The document accuses the Russian government of reneging on the 2013 bargain it struck with the Obama administration following the chemical weapons attacks of that year.
The United States is presenting Russia with a challenge, pressure Assad or admit its diplomatic impotence.
"Russia faces a choice: either it takes responsibility for ensuring that Assad complies with the removal of these weapons as Russia committed it would do or it admits that it lacks the ability to control Assad," the document states.
"Russia's posture must change if the Syrian conflict is ever going to be resolved - and for the sake of our humanity, it must."
The talking points also criticise the Iranian government for propping up and shielding Syria's brutal dictator for years.
Iranian forces, Shia militias, Hezbollah and other "allied Shia militant foot soldiers" have played a key role in the killing of hundreds of thousands of Syrians, the document states.
Overall, the Trump administration is arguing that the Assad regime's brutality and its use of chemical weapons "presents a clear threat to regional stability and security as well as the national security interests of the United States [and] our allies."

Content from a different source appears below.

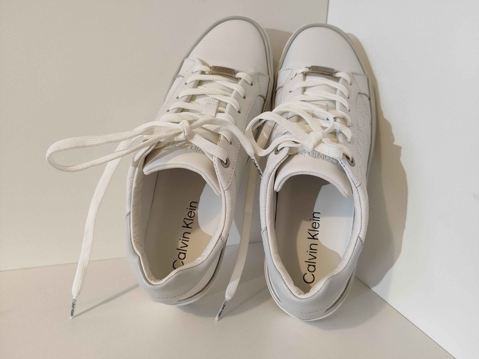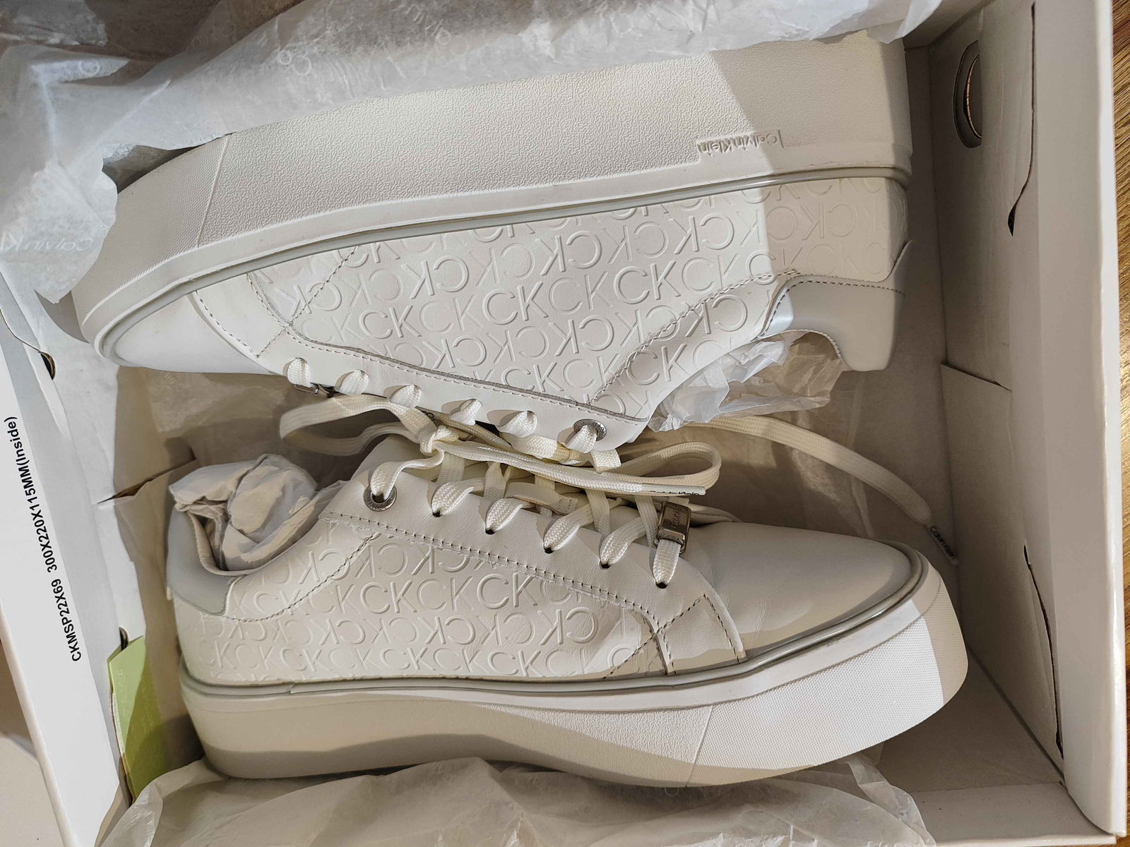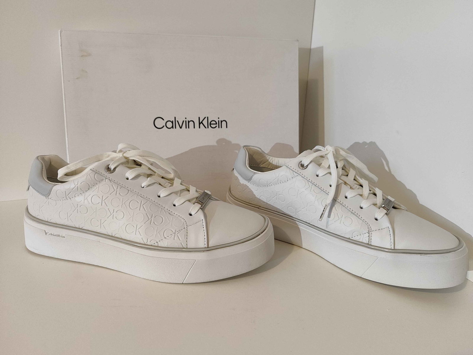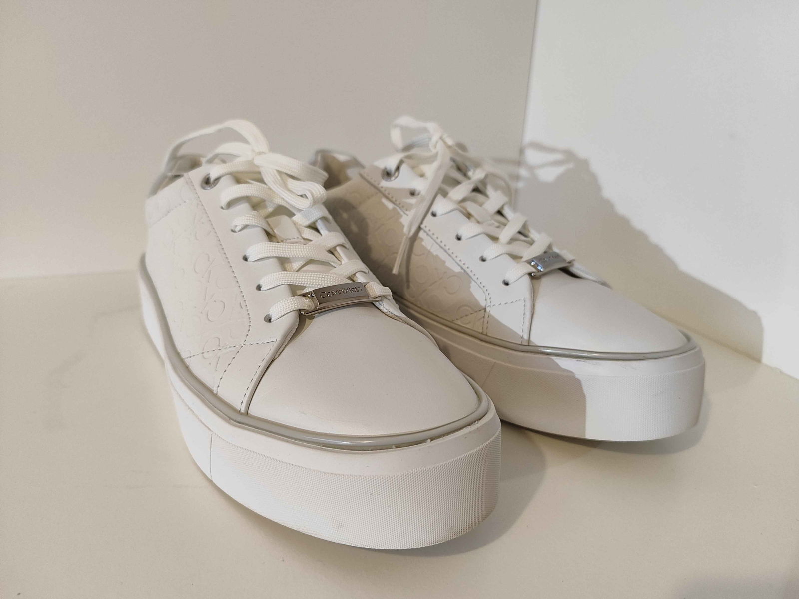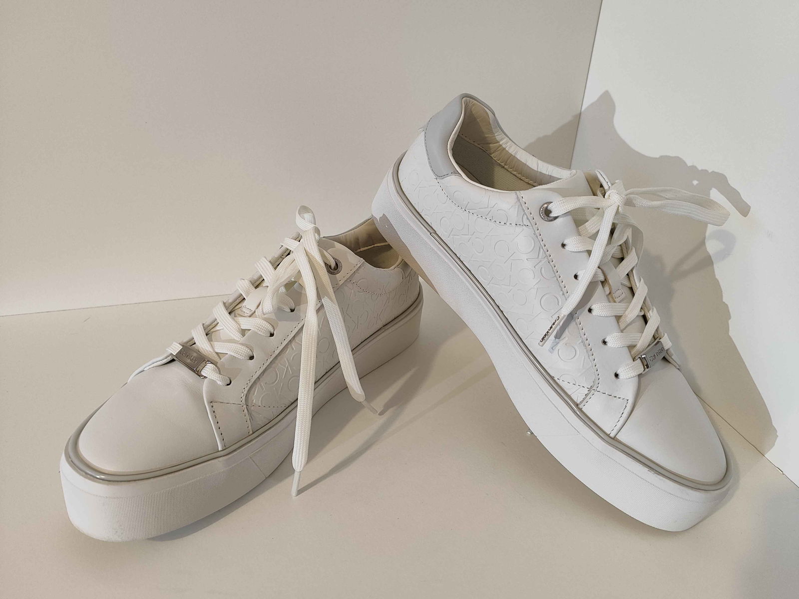- Cholewka: Biała powierzchnia, bez pęknięć i rozdarć. Wytłoczone logo „CK” oraz srebrne akcenty są nienaruszone i czyste.
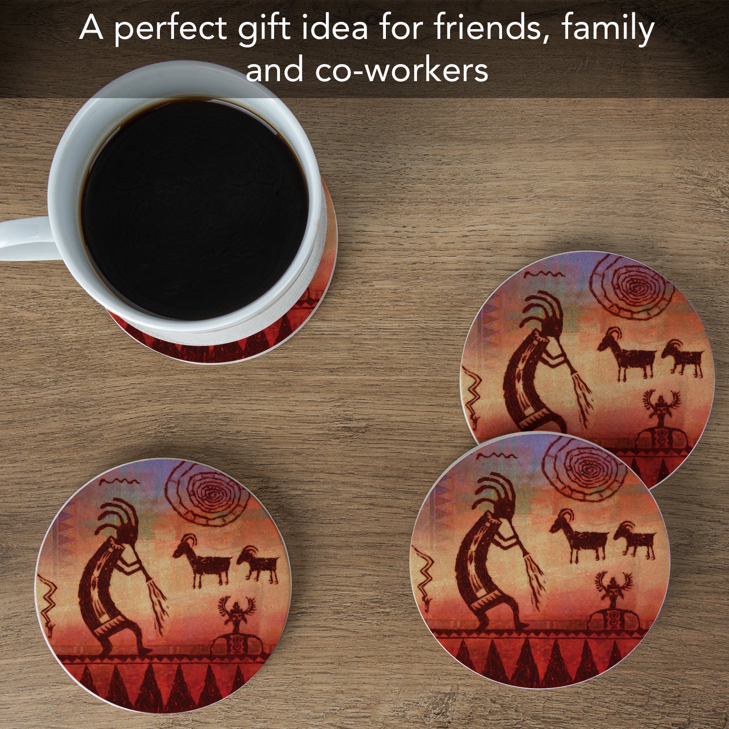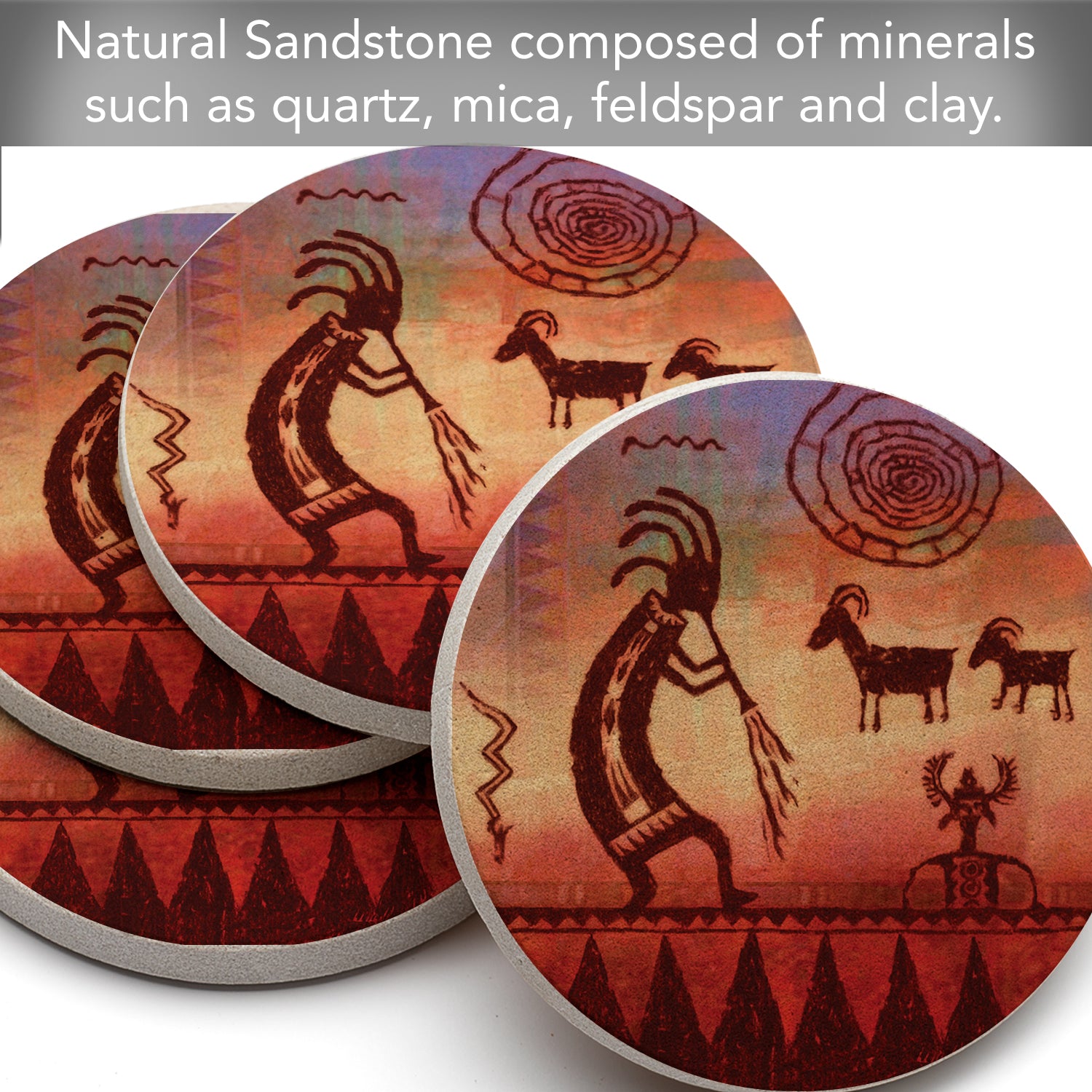 Thirstystone Kokopelli Petroglyph 4 Pack Natural Sandstone Coaster 4" Round

Assad's actions have fueled the rise of terrorist groups such as the Islamic State and al-Qaeda, displaced millions of Syrians and destabilised the region, the document states.
It concludes: "Weapons of mass destruction use by any actor lowers the threshold for others that may seek to follow suit and threatens the international legal regime prohibiting the use of chemical weapons."
These talking points go a long way to showing how the Trump administration is thinking about Syria and why it decided to initiate Thursday's airstrikes, but it leaves several crucial questions unanswered. Chief among them is, what happens next?